* What is required
The records below must be returned exactly, with every picture left out.

* Input for this task
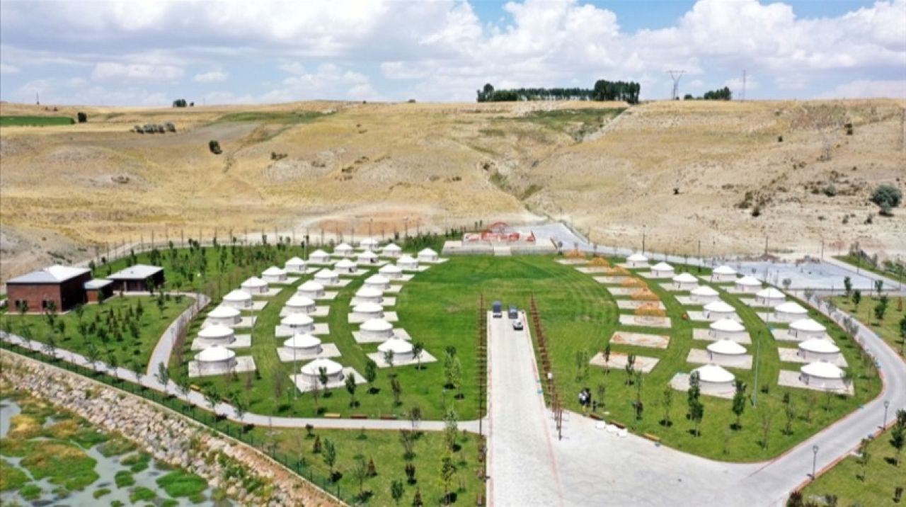 "Bir önemli çalışmamız da millet bahçesidir. Türkiye'de birçok yerde millet bahçesi inşa edildi, gözümüzü doldurdu, insanımızı mutlu etti ama buradaki millet bahçesi Türkiye'deki en nadide millet bahçelerinden biri. Sadece millet bahçesi değil, Türkiye'nin en gözde festival alanlarından birini de oluşturma şansı yakaladık. Bahçemizde köprü, kıraathanemiz, camilerimiz ve 80 bin metrekare yeşil alanımız var. Bugün ülkemizdeki yangınları görünce yaptığımız işin önemini anlıyoruz, vurguluyoruz. Bahçemize 5 bin ağaç dikimi gerçekleştirdik. Buna devam edeceğiz. 200 bin ağacın dikimiyle ilgili bir çalışma yürütüyoruz. En önemlisi Sultan Alparslan Otağı'nı burada kalıcı olarak inşa ettik."
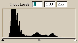 Image - Adjustments - Levels. Do this before moving on to the next step. Sometimes the darker portion of my images have specs of varying lighter colors, known as digital noise, creating an unpleasant effect when I sharpen the image. Moving the left hand slider of the input level will fill in the darker portions without affecting the lighter regions of the image. Noise reduction software is also worth looking at, the most popular being Noise Ninja.
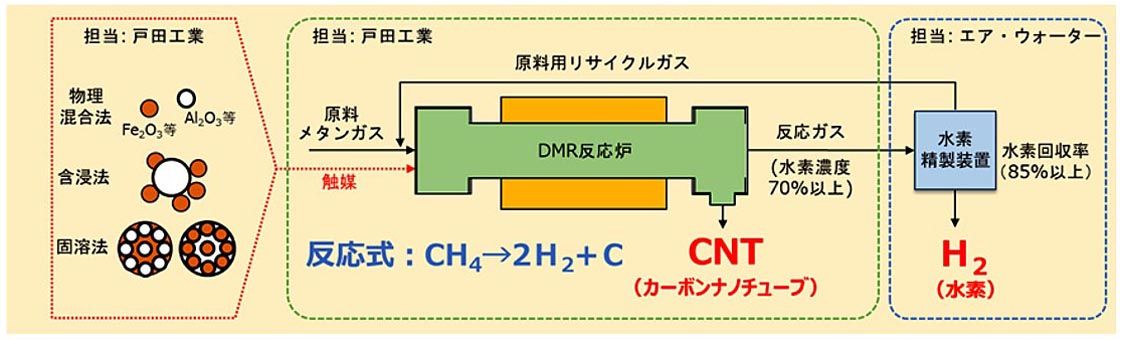 戸田工業とエア・ウォーターは7日、メタン直接改質法による鉄系触媒を用いた高効率水素製造システムの研究開発が新エネルギー・産業技術総合開発機構(NEDO)の委託事業に採択されたと発表した。今後2年間かけ、メタン原料から水素と副生成物として多...
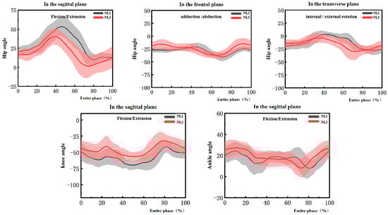 The joint angles at BE as well as FE between NL1 and NL2 of the hip, knee, and ankle were statistically analyzed, with the results shown in Table 3. In the sagittal plane, compared with NL2, NL1 had a significantly greater hip flexion (p = 0.001) and knee flexion (p = 0.007) at BE. Moreover, NL1 had a significantly greater hip extension (p < 0.001), knee flexion (p < 0.001), and ankle flexion (p = 0.008) at FE. In the frontal plane, the hip adduction and abduction in NL1 were all less than NL2. In the transverse plane, the hip internal and external rotations of NL1 were greater than NL2.
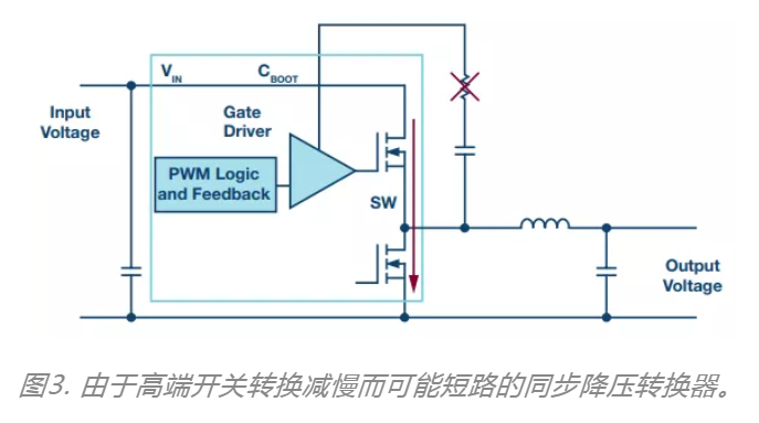 但是,大多數(shù)現(xiàn)代開關(guān)調(diào)節(jié)器都是具有高邊和低邊有源開關(guān)的同步開關(guān)調(diào)節(jié)器。此處,在CBOOT路徑中使用電阻無法明顯減慢開關(guān)轉(zhuǎn)換。如果此處還是使用與CBOOT串聯(lián)的電阻(如圖3所示),則也將減慢高邊開關(guān)的開關(guān)轉(zhuǎn)換。但是,這可能導(dǎo)致低邊開關(guān)沒有完全關(guān)閉。因此,高邊開關(guān)和低邊開關(guān)可能同時(shí)瞬間打開。這將導(dǎo)致輸入電壓到接地之間出現(xiàn)破壞性短路。這一點(diǎn)尤為關(guān)鍵,因?yàn)殚_關(guān)轉(zhuǎn)換速度也受到工作溫度等參數(shù)和半導(dǎo)體制造中的可變性的影響。因此,即使是在實(shí)驗(yàn)室測試,也無法保證安全操作。要減慢具有集成開關(guān)的同步開關(guān)調(diào)節(jié)器的開關(guān)轉(zhuǎn)換,應(yīng)使用可通過內(nèi)部電路直接設(shè)置開關(guān)轉(zhuǎn)換速度的同步開關(guān)調(diào)節(jié)器,例如ADI的ADP5014。在這些集成電路中,可在內(nèi)部確保:在減慢開關(guān)轉(zhuǎn)換時(shí),兩個(gè)開關(guān)不同時(shí)導(dǎo)通,因此也不會(huì)發(fā)生短路,并且在CBOOT路徑中都沒有電阻。
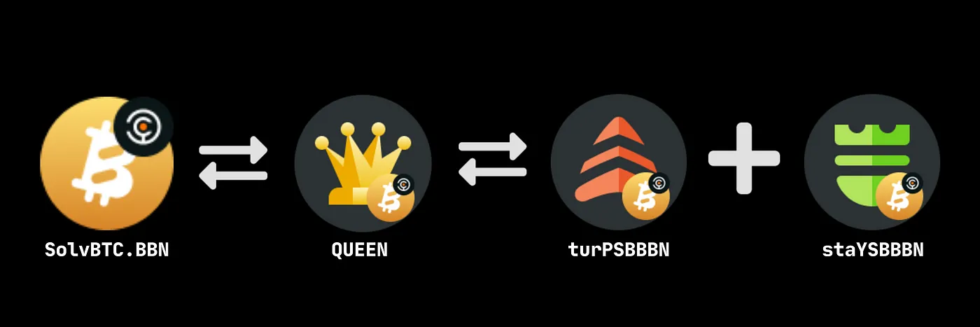 SolvBTC.BBN può essere scambiato 1:1 con sbbbnQUEEN, e come fondo madre sbbbnQUEEN, ogni sbbbnQUEEN può essere ulteriormente suddiviso in fondi figli 0.9 staYSBBBN + 0.1 turPSBBBN.

* Your response
 "Bir önemli çalışmamız da millet bahçesidir. Türkiye'de birçok yerde millet bahçesi inşa edildi, gözümüzü doldurdu, insanımızı mutlu etti ama buradaki millet bahçesi Türkiye'deki en nadide millet bahçelerinden biri. Sadece millet bahçesi değil, Türkiye'nin en gözde festival alanlarından birini de oluşturma şansı yakaladık. Bahçemizde köprü, kıraathanemiz, camilerimiz ve 80 bin metrekare yeşil alanımız var. Bugün ülkemizdeki yangınları görünce yaptığımız işin önemini anlıyoruz, vurguluyoruz. Bahçemize 5 bin ağaç dikimi gerçekleştirdik. Buna devam edeceğiz. 200 bin ağacın dikimiyle ilgili bir çalışma yürütüyoruz. En önemlisi Sultan Alparslan Otağı'nı burada kalıcı olarak inşa ettik."
 Image - Adjustments - Levels. Do this before moving on to the next step. Sometimes the darker portion of my images have specs of varying lighter colors, known as digital noise, creating an unpleasant effect when I sharpen the image. Moving the left hand slider of the input level will fill in the darker portions without affecting the lighter regions of the image. Noise reduction software is also worth looking at, the most popular being Noise Ninja.
 戸田工業とエア・ウォーターは7日、メタン直接改質法による鉄系触媒を用いた高効率水素製造システムの研究開発が新エネルギー・産業技術総合開発機構(NEDO)の委託事業に採択されたと発表した。今後2年間かけ、メタン原料から水素と副生成物として多...
 The joint angles at BE as well as FE between NL1 and NL2 of the hip, knee, and ankle were statistically analyzed, with the results shown in Table 3. In the sagittal plane, compared with NL2, NL1 had a significantly greater hip flexion (p = 0.001) and knee flexion (p = 0.007) at BE. Moreover, NL1 had a significantly greater hip extension (p < 0.001), knee flexion (p < 0.001), and ankle flexion (p = 0.008) at FE. In the frontal plane, the hip adduction and abduction in NL1 were all less than NL2. In the transverse plane, the hip internal and external rotations of NL1 were greater than NL2.
 但是,大多數(shù)現(xiàn)代開關(guān)調(diào)節(jié)器都是具有高邊和低邊有源開關(guān)的同步開關(guān)調(diào)節(jié)器。此處,在CBOOT路徑中使用電阻無法明顯減慢開關(guān)轉(zhuǎn)換。如果此處還是使用與CBOOT串聯(lián)的電阻(如圖3所示),則也將減慢高邊開關(guān)的開關(guān)轉(zhuǎn)換。但是,這可能導(dǎo)致低邊開關(guān)沒有完全關(guān)閉。因此,高邊開關(guān)和低邊開關(guān)可能同時(shí)瞬間打開。這將導(dǎo)致輸入電壓到接地之間出現(xiàn)破壞性短路。這一點(diǎn)尤為關(guān)鍵,因?yàn)殚_關(guān)轉(zhuǎn)換速度也受到工作溫度等參數(shù)和半導(dǎo)體制造中的可變性的影響。因此,即使是在實(shí)驗(yàn)室測試,也無法保證安全操作。要減慢具有集成開關(guān)的同步開關(guān)調(diào)節(jié)器的開關(guān)轉(zhuǎn)換,應(yīng)使用可通過內(nèi)部電路直接設(shè)置開關(guān)轉(zhuǎn)換速度的同步開關(guān)調(diào)節(jié)器,例如ADI的ADP5014。在這些集成電路中,可在內(nèi)部確保:在減慢開關(guān)轉(zhuǎn)換時(shí),兩個(gè)開關(guān)不同時(shí)導(dǎo)通,因此也不會(huì)發(fā)生短路,并且在CBOOT路徑中都沒有電阻。
 SolvBTC.BBN può essere scambiato 1:1 con sbbbnQUEEN, e come fondo madre sbbbnQUEEN, ogni sbbbnQUEEN può essere ulteriormente suddiviso in fondi figli 0.9 staYSBBBN + 0.1 turPSBBBN.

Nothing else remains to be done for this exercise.